Retype every line from the top of the entries down to the one with "1.通过2-吲哚酮合成5-溴氧化吲哚,收率约94%;", both included, and skip the pictures.

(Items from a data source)

────────────────────────────────────────

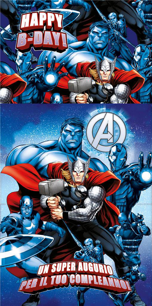 Perfetto per compleanni, feste a tema, inviti e congratulazioni. - Licenza ispirata all'universo Avengers: grafica riconoscibile per fan di Iron Man, Captain America, Thor e Hulk.
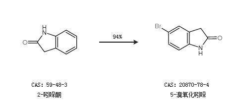 1.通过2-吲哚酮合成5-溴氧化吲哚,收率约94%;
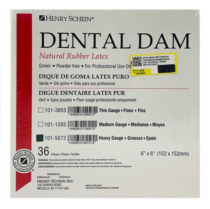 لاستیک رابردم هنری شاین (Henry Schein Rubberdam) یک سد لاستیکی باکیفیت آمریکایی است که بهطور تخصصی برای ایزولهسازی و کنترل رطوبت در درمانهای دندانپزشکی طراحی شده است. این محصول از جنس لاتکس (Heavy – Green) بوده و در بستههای 36 عددی عرضه میشود.
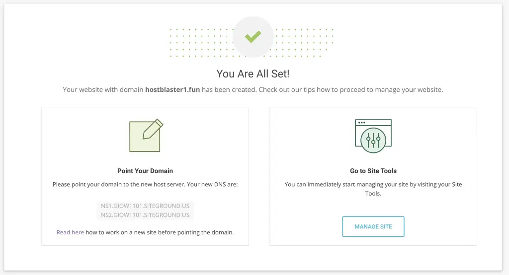 If you select ‘New Domain’, SiteGround will point the new domain at your site for you, whereas if you use an existing domain name, then you will have to sign on to your domain registrar and change the name servers once the new site is active.
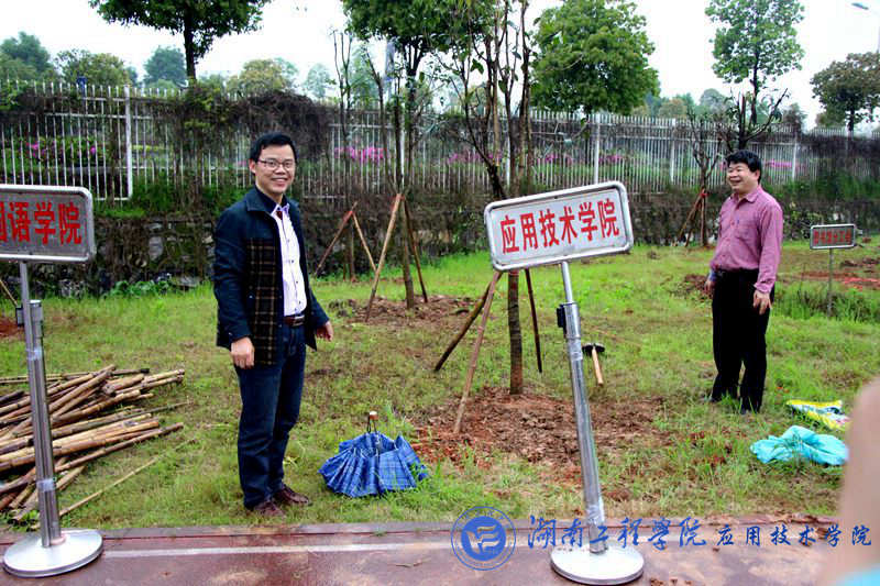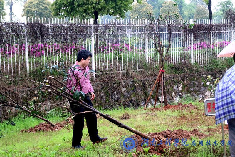 往一个偏僻的小角落看去,应用技术学院党总书记李爱国穿着雨衣带领几位老师在认真的一锹锹从旁边铲起土填入树坑,慢慢的堆砌起围堰,填满崭新的新土,再提桶浇水,道道工序亲力亲为。似乎桂花树也感受到了周围的细心,稳稳的挺在风雨中。
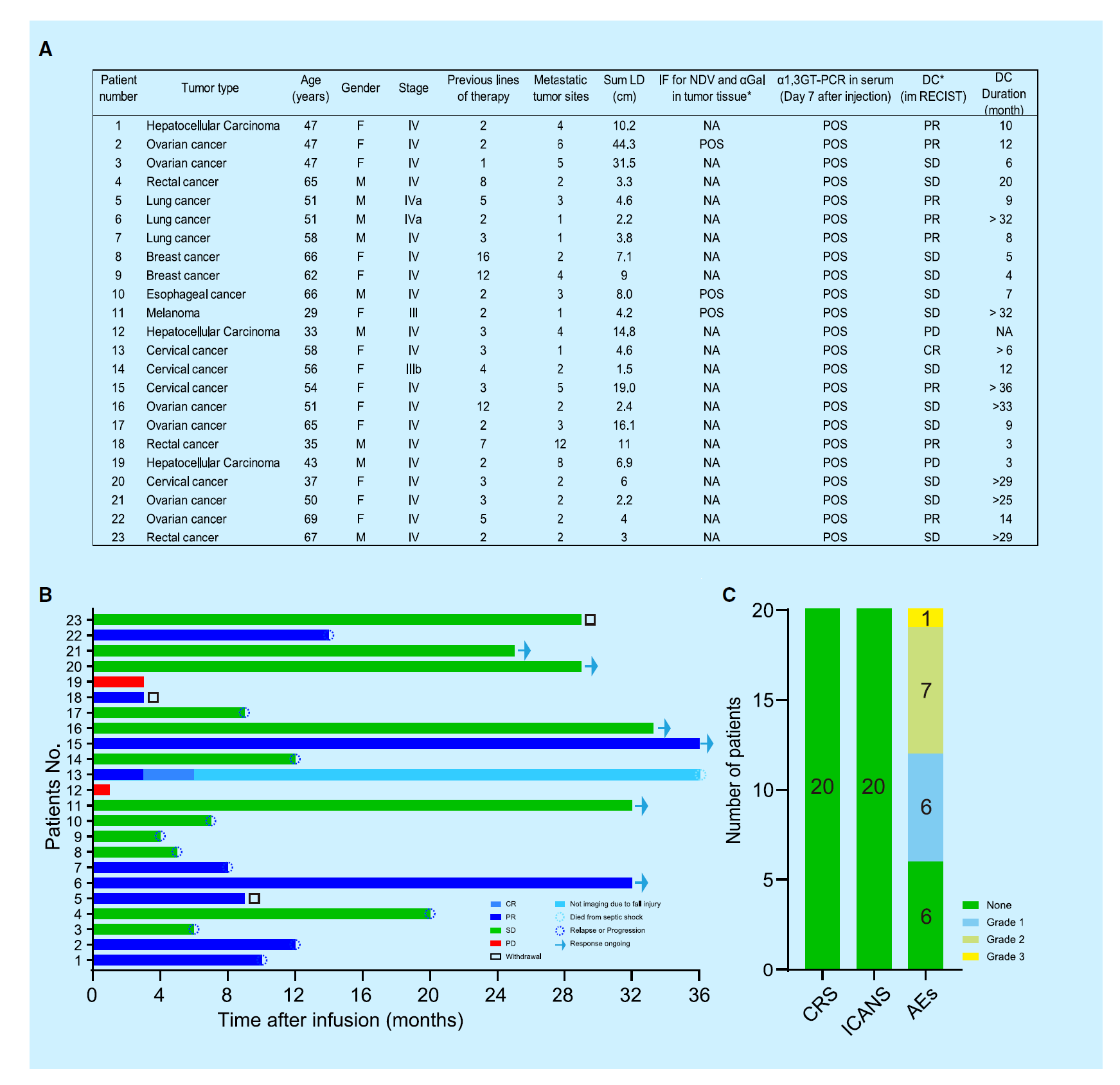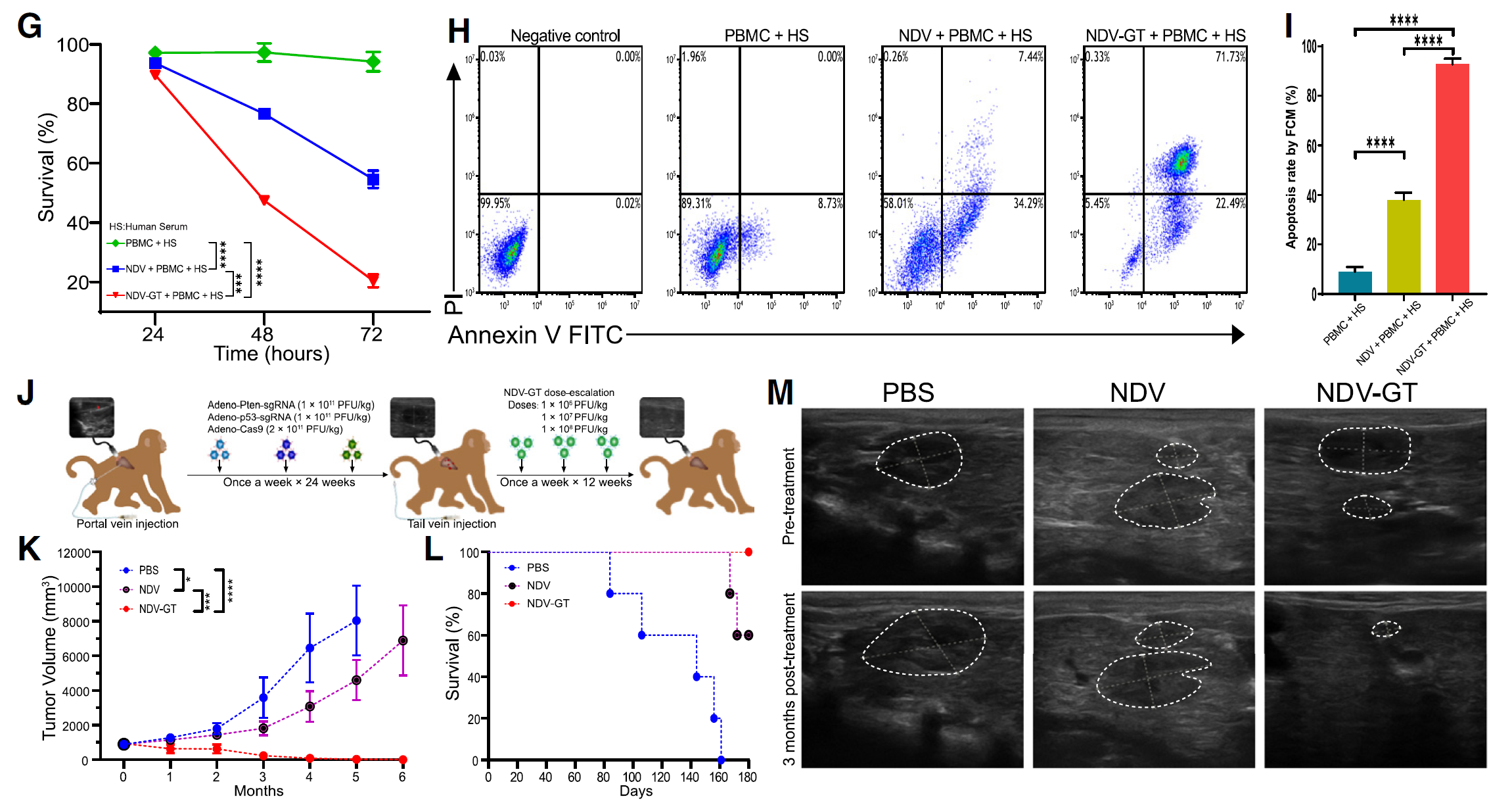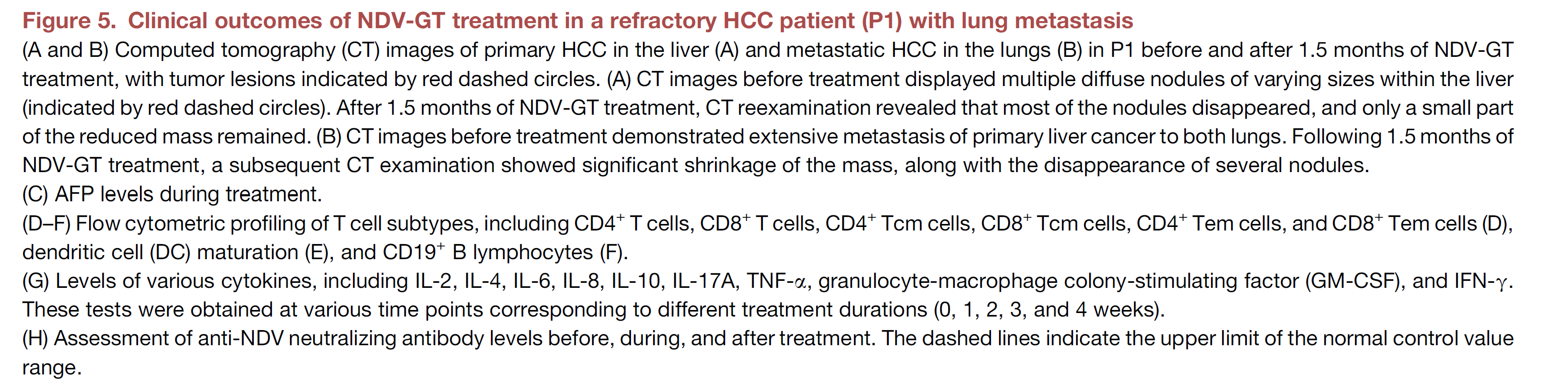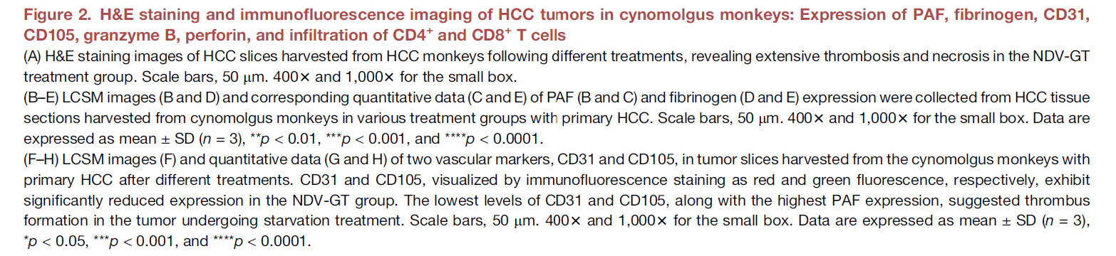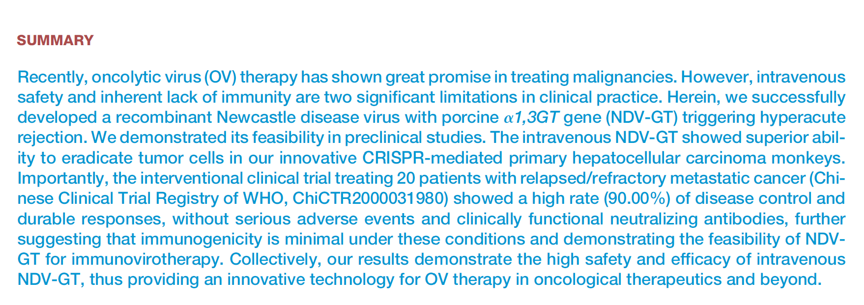 Preclinical studies using CRISPR-Cas9 technology in cynomolgus monkeys with primary hepatocellular carcinoma (HCC) confirmed the effectiveness of NDV-GT in inducing immune responses and inhibiting tumor growth. These findings were also extended to clinical trials involving patients with various advanced cancers, including HCC, ovarian cancer, rectal cancer, lung cancer, breast cancer, esophageal cancer, melanoma, and cervical cancer. In these trials, NDV-GT showed significant clinical benefits, demonstrating its potential for use as an anti-tumor therapy with strong translational potential for clinical applications in advanced cancer patients.

────────────────────────────────────────

*FINISHED TASK*
 Perfetto per compleanni, feste a tema, inviti e congratulazioni. - Licenza ispirata all'universo Avengers: grafica riconoscibile per fan di Iron Man, Captain America, Thor e Hulk.
 1.通过2-吲哚酮合成5-溴氧化吲哚,收率约94%;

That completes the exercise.